### Exercise prompt
Transcribe the entries below exactly, starting with the line that has "VR教材であれば、院外からで" and stopping after the line that has "Valuable: Rare Pair"; no pictures belong in the copy.

### Input for this task
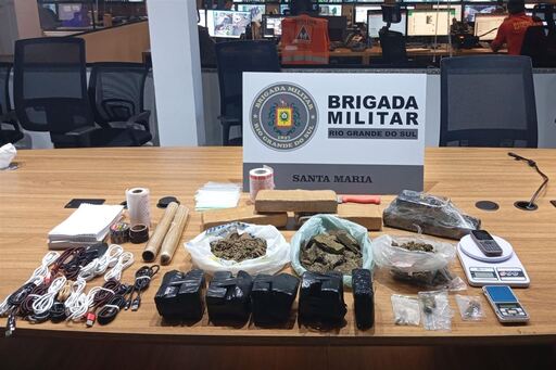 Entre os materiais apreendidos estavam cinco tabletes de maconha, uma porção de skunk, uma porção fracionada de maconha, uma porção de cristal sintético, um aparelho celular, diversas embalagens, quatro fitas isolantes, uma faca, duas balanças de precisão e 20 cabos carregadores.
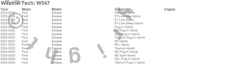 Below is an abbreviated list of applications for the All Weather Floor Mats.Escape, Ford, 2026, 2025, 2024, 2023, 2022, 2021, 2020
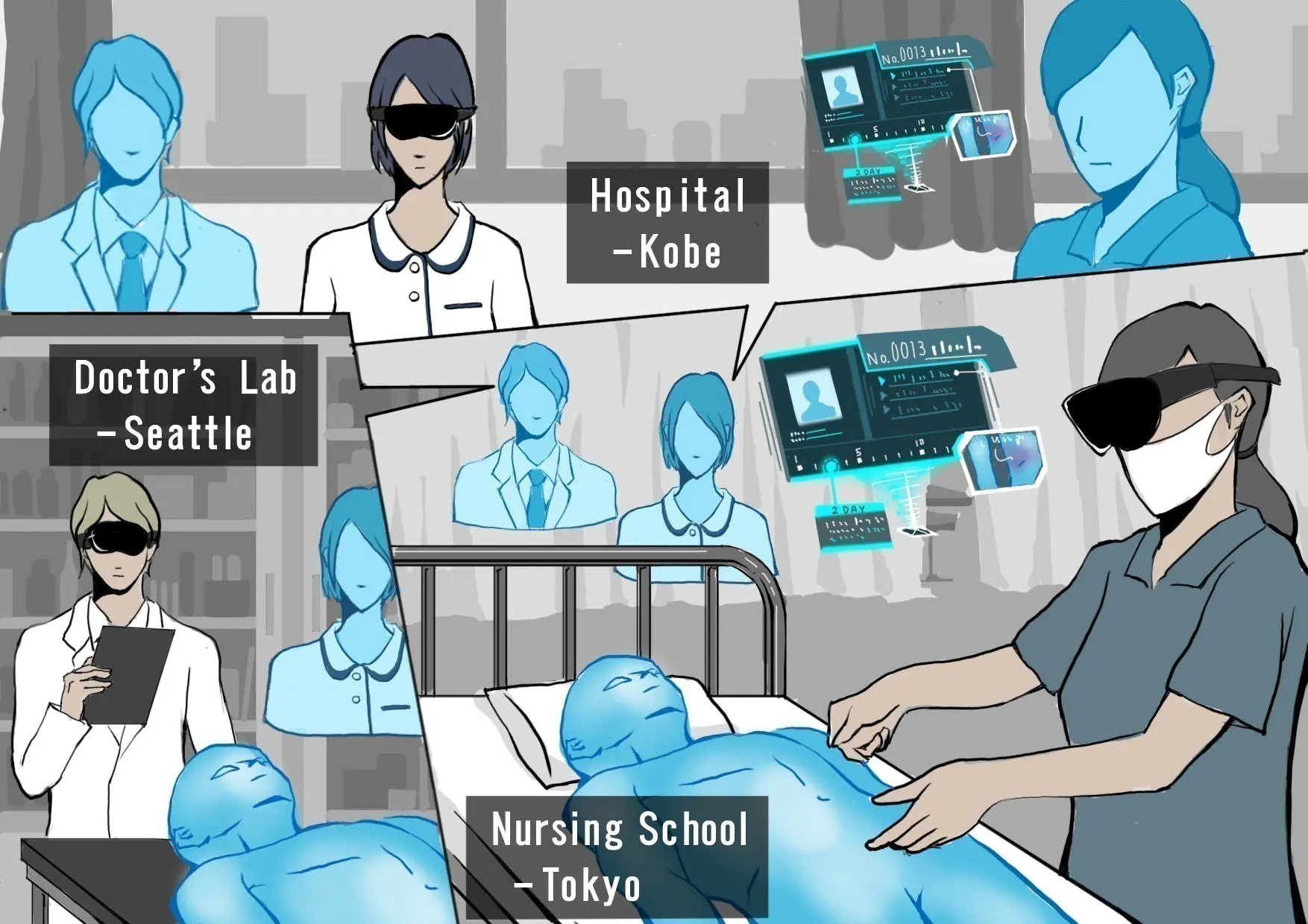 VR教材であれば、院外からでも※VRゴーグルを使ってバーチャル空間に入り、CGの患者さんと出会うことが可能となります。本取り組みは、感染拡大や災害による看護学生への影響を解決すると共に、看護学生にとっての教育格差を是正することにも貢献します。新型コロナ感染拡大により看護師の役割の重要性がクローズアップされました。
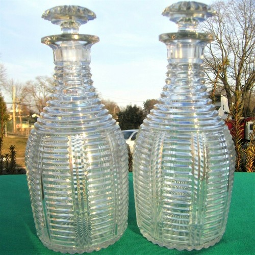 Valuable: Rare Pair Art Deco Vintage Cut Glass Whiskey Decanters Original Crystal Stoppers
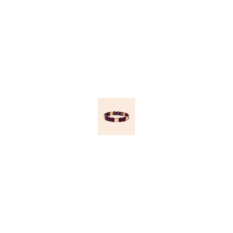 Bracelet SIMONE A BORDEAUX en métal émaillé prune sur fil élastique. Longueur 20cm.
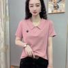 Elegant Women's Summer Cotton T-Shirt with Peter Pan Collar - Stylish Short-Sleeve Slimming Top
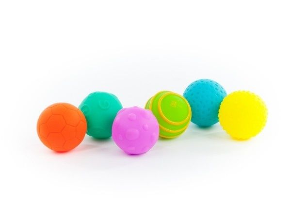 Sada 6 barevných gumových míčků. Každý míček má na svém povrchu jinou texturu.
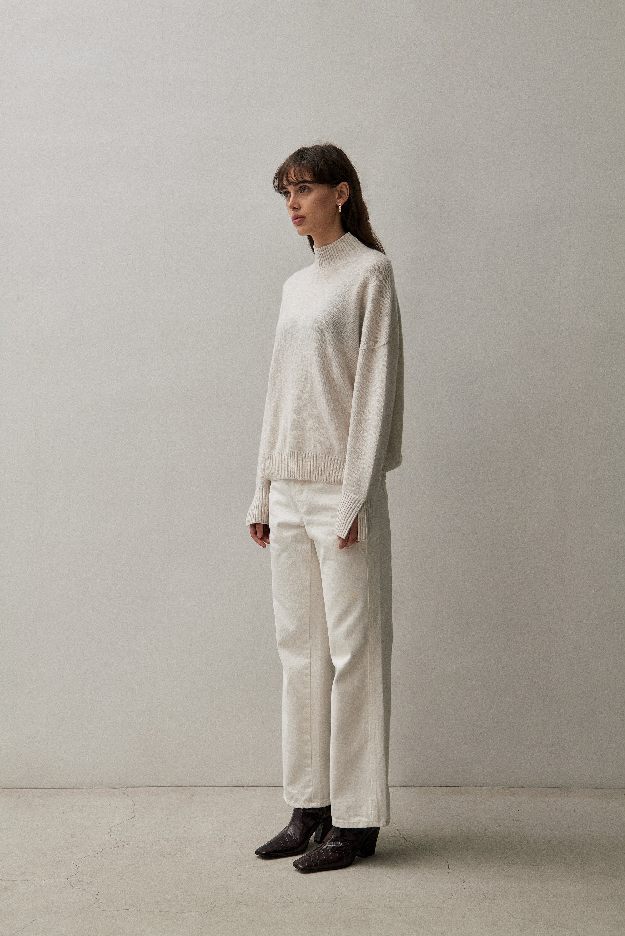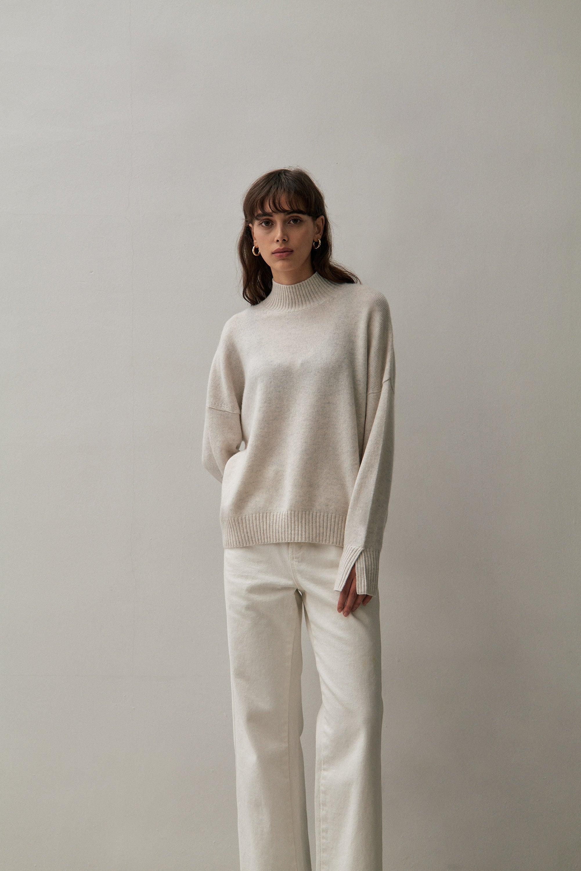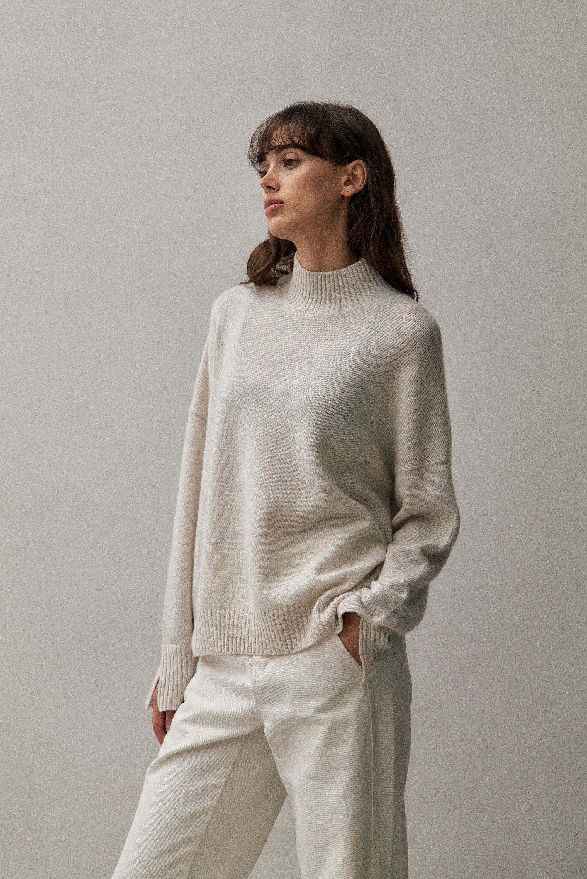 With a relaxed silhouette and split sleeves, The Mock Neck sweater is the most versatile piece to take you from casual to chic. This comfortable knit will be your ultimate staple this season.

---

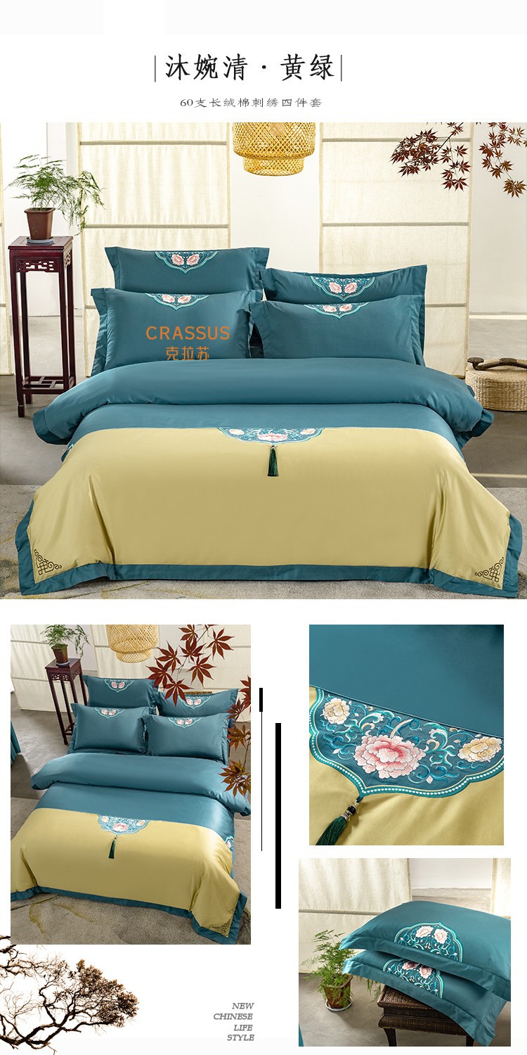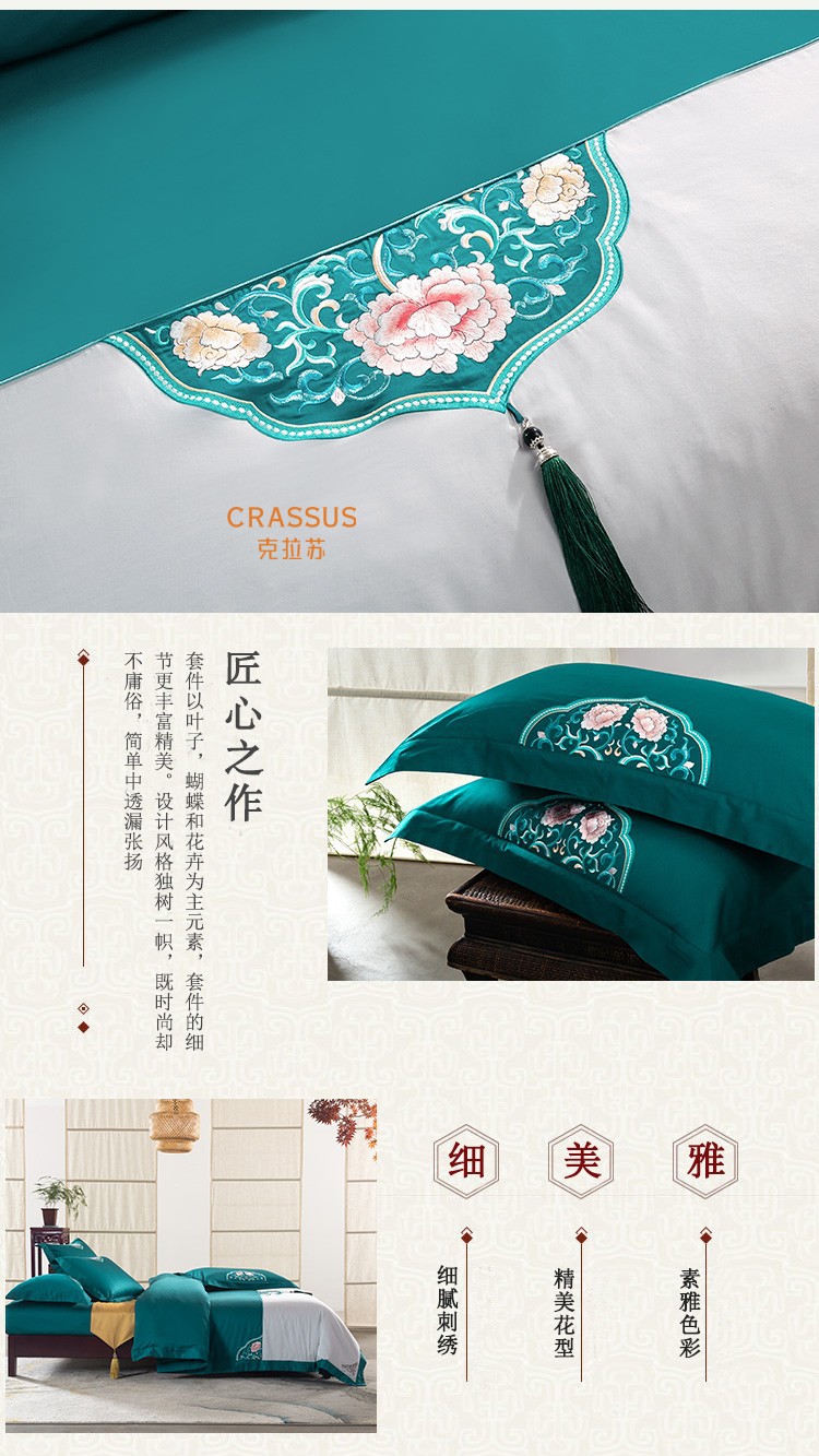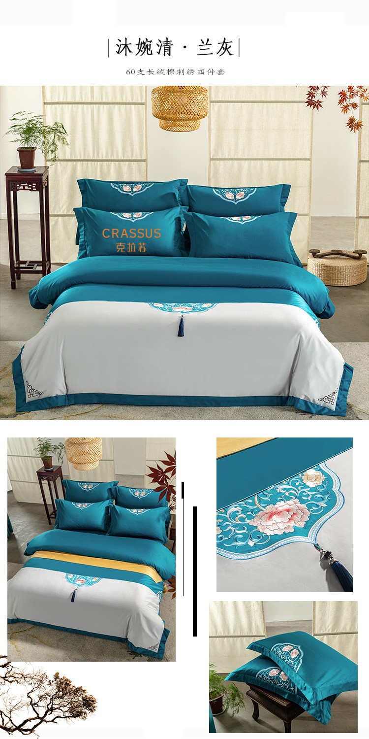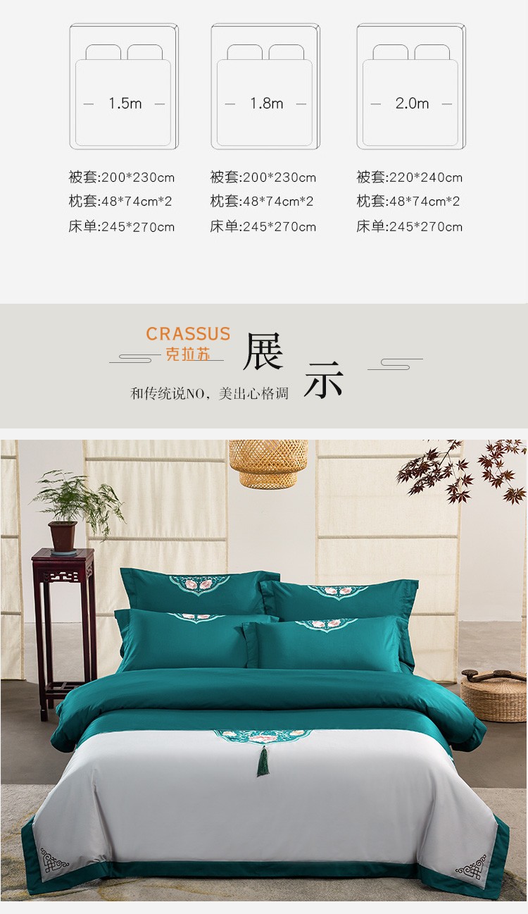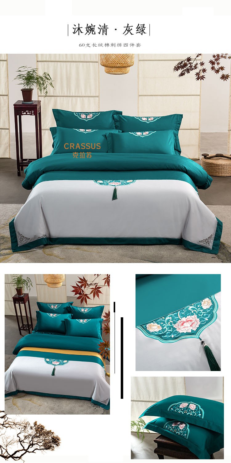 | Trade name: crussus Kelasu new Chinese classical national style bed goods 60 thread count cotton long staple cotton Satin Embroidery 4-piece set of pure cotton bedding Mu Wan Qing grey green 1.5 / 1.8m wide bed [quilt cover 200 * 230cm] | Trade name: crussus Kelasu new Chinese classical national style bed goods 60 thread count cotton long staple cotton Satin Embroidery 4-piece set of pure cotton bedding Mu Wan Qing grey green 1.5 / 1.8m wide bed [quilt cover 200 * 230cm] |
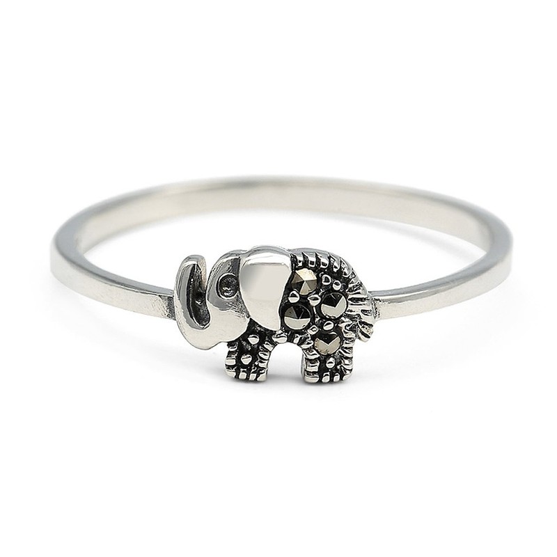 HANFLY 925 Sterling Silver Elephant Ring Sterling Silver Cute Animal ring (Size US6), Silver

### Exercise solution
 VR教材であれば、院外からでも※VRゴーグルを使ってバーチャル空間に入り、CGの患者さんと出会うことが可能となります。本取り組みは、感染拡大や災害による看護学生への影響を解決すると共に、看護学生にとっての教育格差を是正することにも貢献します。新型コロナ感染拡大により看護師の役割の重要性がクローズアップされました。
 Valuable: Rare Pair Art Deco Vintage Cut Glass Whiskey Decanters Original Crystal Stoppers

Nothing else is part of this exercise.